Your goal:
Only a slice of the listing below is wanted. Retype the lines from the one containing "The statement sideboard" through the one containing "다음으로 [설정과 공개 범위]를 눌러봅니다.", exactly, both ends included.

Records provided:
★ ★ ★ ★
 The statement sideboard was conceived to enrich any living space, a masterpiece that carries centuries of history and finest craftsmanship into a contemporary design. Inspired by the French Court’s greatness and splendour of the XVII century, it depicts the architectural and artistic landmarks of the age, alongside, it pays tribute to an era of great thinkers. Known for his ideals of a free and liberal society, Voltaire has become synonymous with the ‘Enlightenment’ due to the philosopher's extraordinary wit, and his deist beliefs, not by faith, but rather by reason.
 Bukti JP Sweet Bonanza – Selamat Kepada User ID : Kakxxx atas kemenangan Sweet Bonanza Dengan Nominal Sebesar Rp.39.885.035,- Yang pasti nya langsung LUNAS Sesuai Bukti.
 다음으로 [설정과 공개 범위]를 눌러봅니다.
★ ★ ★ ★
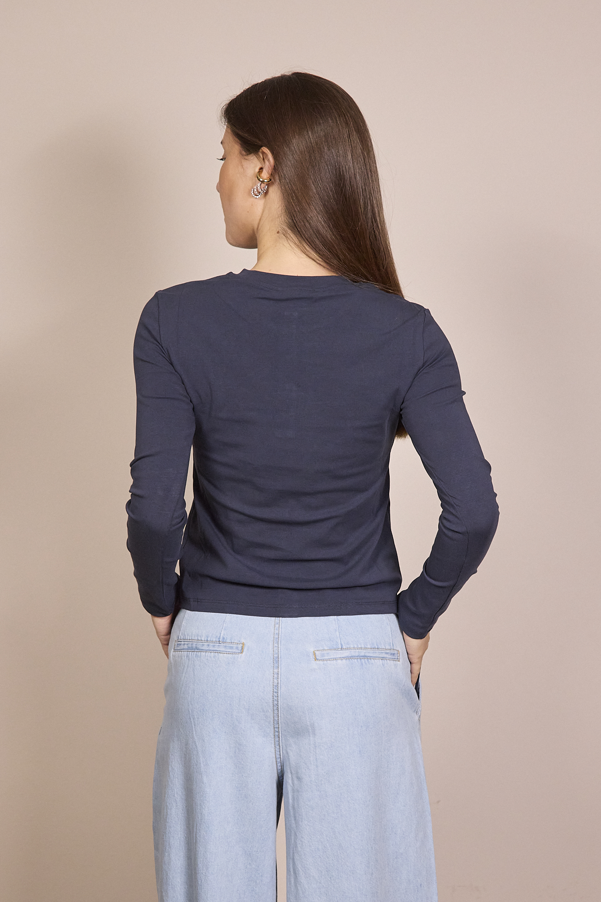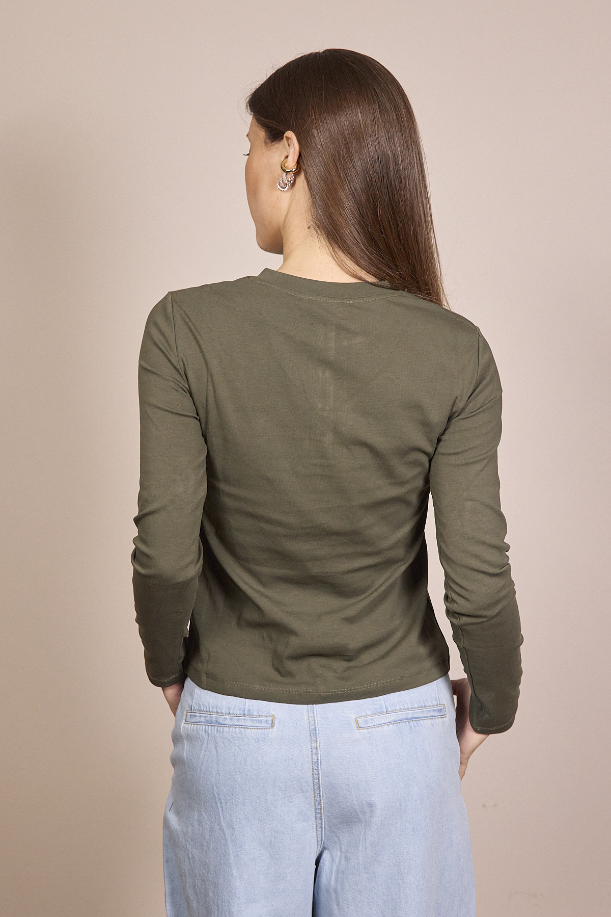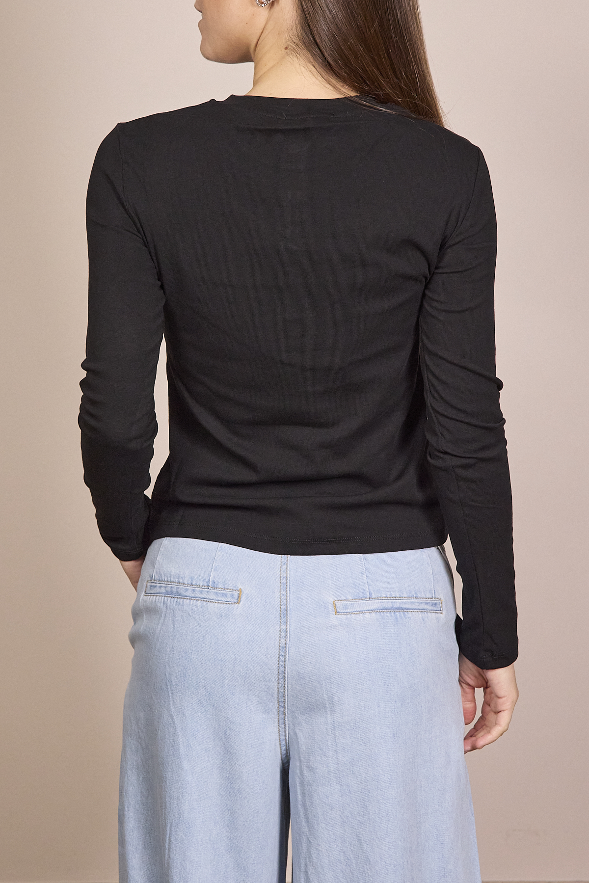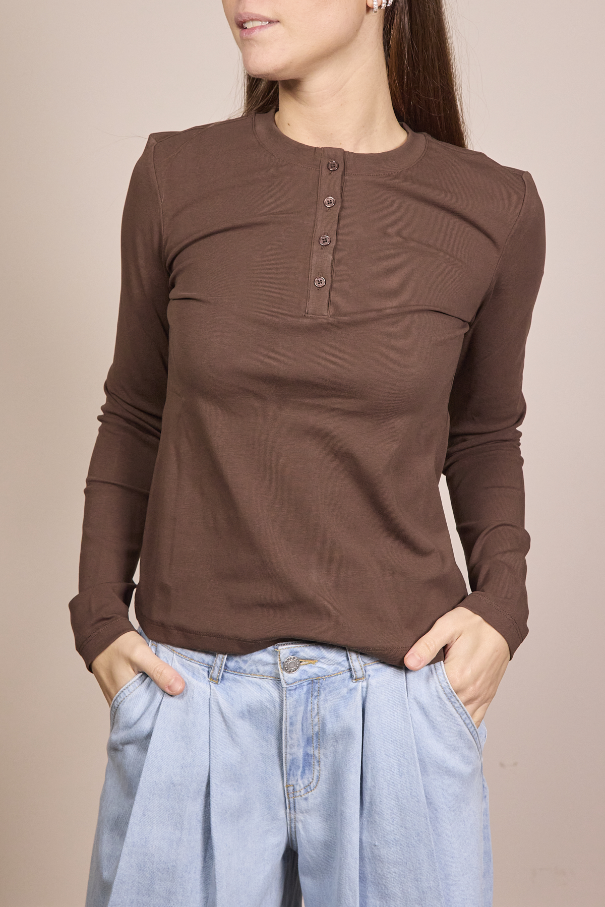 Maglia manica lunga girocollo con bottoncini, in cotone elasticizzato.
★ ★ ★ ★
Written response:
 The statement sideboard was conceived to enrich any living space, a masterpiece that carries centuries of history and finest craftsmanship into a contemporary design. Inspired by the French Court’s greatness and splendour of the XVII century, it depicts the architectural and artistic landmarks of the age, alongside, it pays tribute to an era of great thinkers. Known for his ideals of a free and liberal society, Voltaire has become synonymous with the ‘Enlightenment’ due to the philosopher's extraordinary wit, and his deist beliefs, not by faith, but rather by reason.
 Bukti JP Sweet Bonanza – Selamat Kepada User ID : Kakxxx atas kemenangan Sweet Bonanza Dengan Nominal Sebesar Rp.39.885.035,- Yang pasti nya langsung LUNAS Sesuai Bukti.
 다음으로 [설정과 공개 범위]를 눌러봅니다.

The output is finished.